Walter Banks surely will.
Now 68, Banks was in attendance when the Braves played the Los Angeles Dodgers on April 8, 1974, as he has been at all but about 10 home games since the team moved here in 1966. He was working as an usher at Atlanta-Fulton County Stadium back then, as he now does at Turner Field in the owner's box.
The moment that Aaron surpassed Ruth was so powerful to Banks that, 33 years later, from the 3,000-plus Braves games he has worked, he spontaneously recreated the scene upon a reporter's inquiry along the Turner Field concourse.
"It was 9:07 p.m.," Banks said. "Darrell Evans was on first base. Dusty Baker was on deck. The crowd was 53,775."
You can look it up. Correct on all counts.
A student of baseball and numbers, Banks has figured out a way that in his mind Aaron's record is not on the verge of falling.
This is how he chooses to see it: "Mickey Mantle has the home-run record for switch-hitters. Hank Aaron has the home-run record for right-handed hitters. Barry Bonds has the home-run record for left-handed hitters."
And so, after Bonds hits No. 756, "Hank Aaron will still be my champion," Banks said firmly. "For me, his record won't be broken."
So there.
755 stays Turner Field's number
The Braves plan no diminution of the number 755 when Bonds posts a larger one. Turner Field's address will remain 755 Hank Aaron Drive. The stadium club will remain the 755 Club.
And this surely won't change either: Before every Braves game, fans of all ages congregate around Aaron's statue outside Turner Field, across a street and a parking lot from the landing spot of the Ruth-eclipsing No. 715, clicking photographs.
Larry Winter, founder and president of the Atlanta Sports Hall of Fame, says Aaron's 715th remains the most momentous event in the city's sports history.
He says hosting the 1996 Olympics "might be in the same breath," says the Braves' 1995 World Series win ranks high, says Sid Bream's slide into home plate to win the 1992 National League Championship Series merits a mention.
But it's no contest, really.
"We've actually talked about this within the Hall of Fame — talked about giving out an award that signifies the heritage of Atlanta sports," Winter said. "Hank Aaron is always on the top of the list."

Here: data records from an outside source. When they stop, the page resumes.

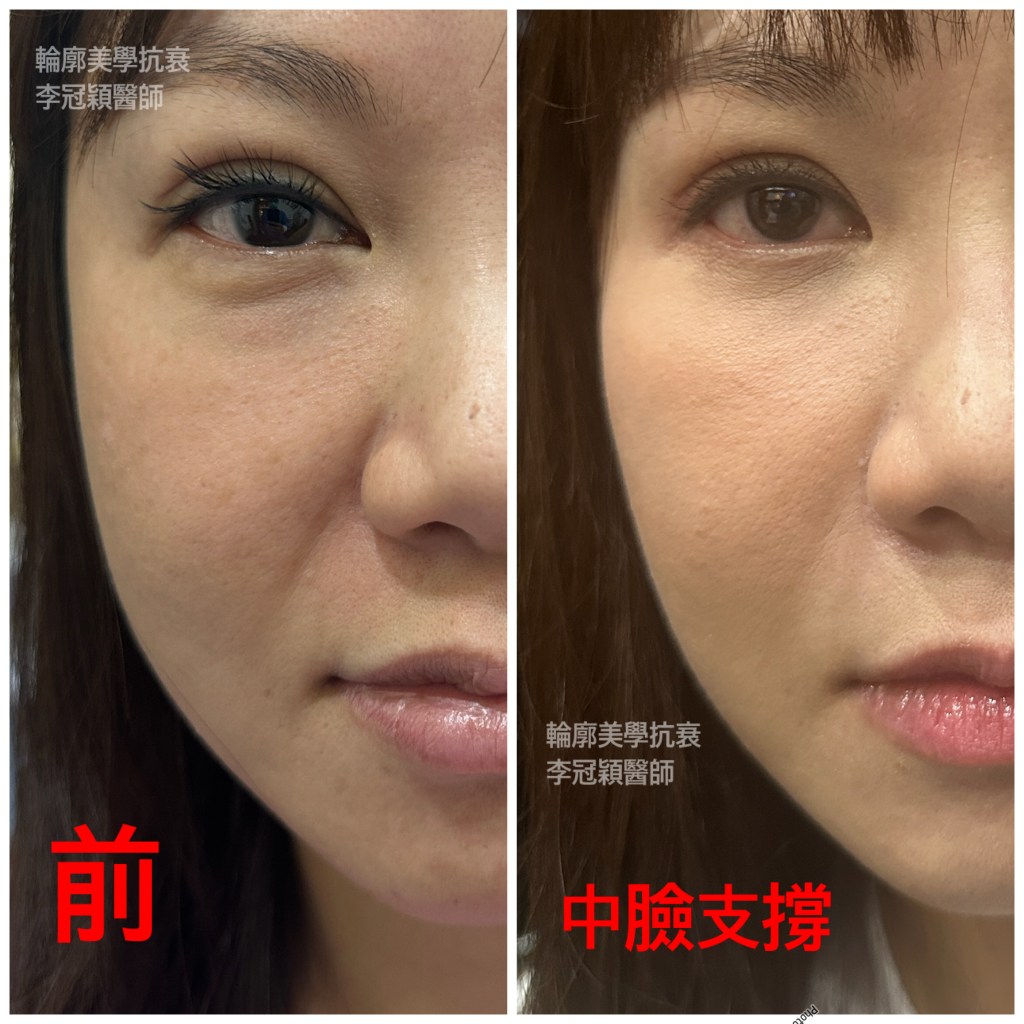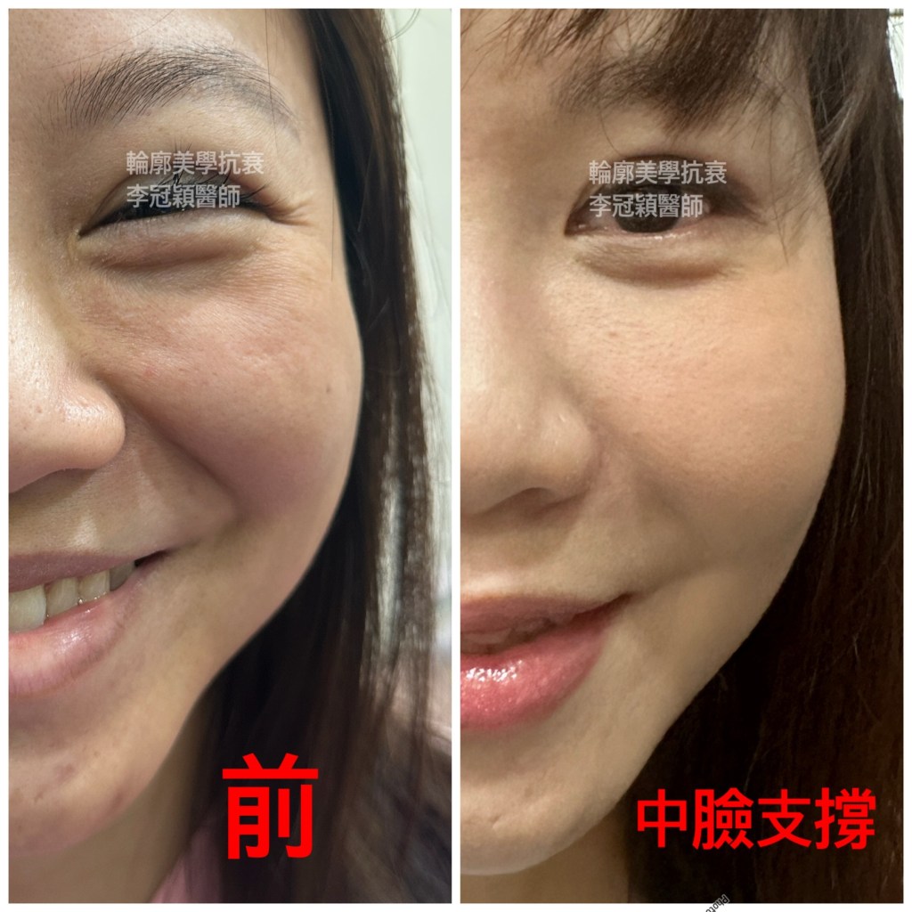 下圖老化凹溝:看似眼袋淚溝加上貓咪紋(左),其實中臉骨架缺失是主因。中臉墊片(右)支撐凹陷淚溝貓咪紋後,大幅改善👇👇👇🥰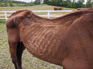 Nearly 200 pounds underweight, covered in rain rot and lice, and with overgrown hooves and sharp teeth, this is one of the most badly neglected horses we have ever seen.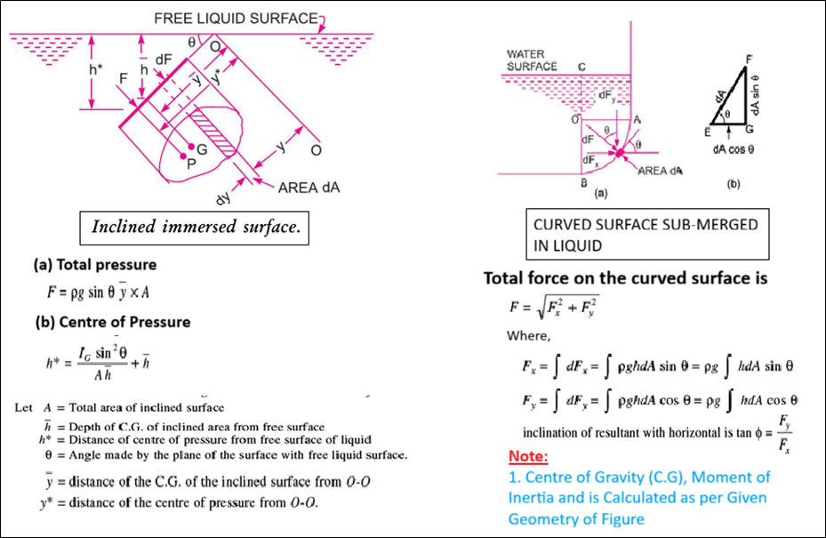 There are four cases of submerged surfaces on which the total pressure force and centre of pressure are to be determined. The submerged surfaces may be:

Aaron played only nine of his 23 big-league seasons in Atlanta, playing the first 12 for the Milwaukee Braves and the final two for the Milwaukee Brewers. He hit his final home run, No. 755, on July 20, 1976, in Milwaukee, where Bonds is playing this weekend. Aaron retired as a player after the '76 season — and returned to Atlanta for good.
"I think over time it has been neat how Atlanta has gotten to know Hank better and better," McGuirk said. "It has been wonderful how Hank has developed his life after baseball and how he has come to be known as equally as fine a gentleman as an athlete. He has handled [life as home-run king] so easily and beautifully, at least on the outside."
When Bonds out-homers Aaron, the moment will be made more difficult, more awkward, for some by the steroids cloud over Bonds.
"I know exactly what every fan knows about it, which is only what we've read in the paper," McGuirk said. "But if what has been reported is correct — Hank will always have that record, will always have a special place in my mind when it comes to the home run record because of the way he did it."
Said longtime Braves season-ticket holder John Shafer: "I've got a lot of respect for Hank Aaron and what he's done for the community and everything about him as a person, and I don't respect the qualities of Barry Bonds. That's why I'm not going to be happy when that record falls."
Walter Banks is at peace about all of this, because in his mind, remember, Aaron's record won't fall. And nothing Bonds can do will diminish in the least what happened on April 8, 1974.
"I think that night not only put the Braves on the map," Banks said, "but it put Atlanta on the map."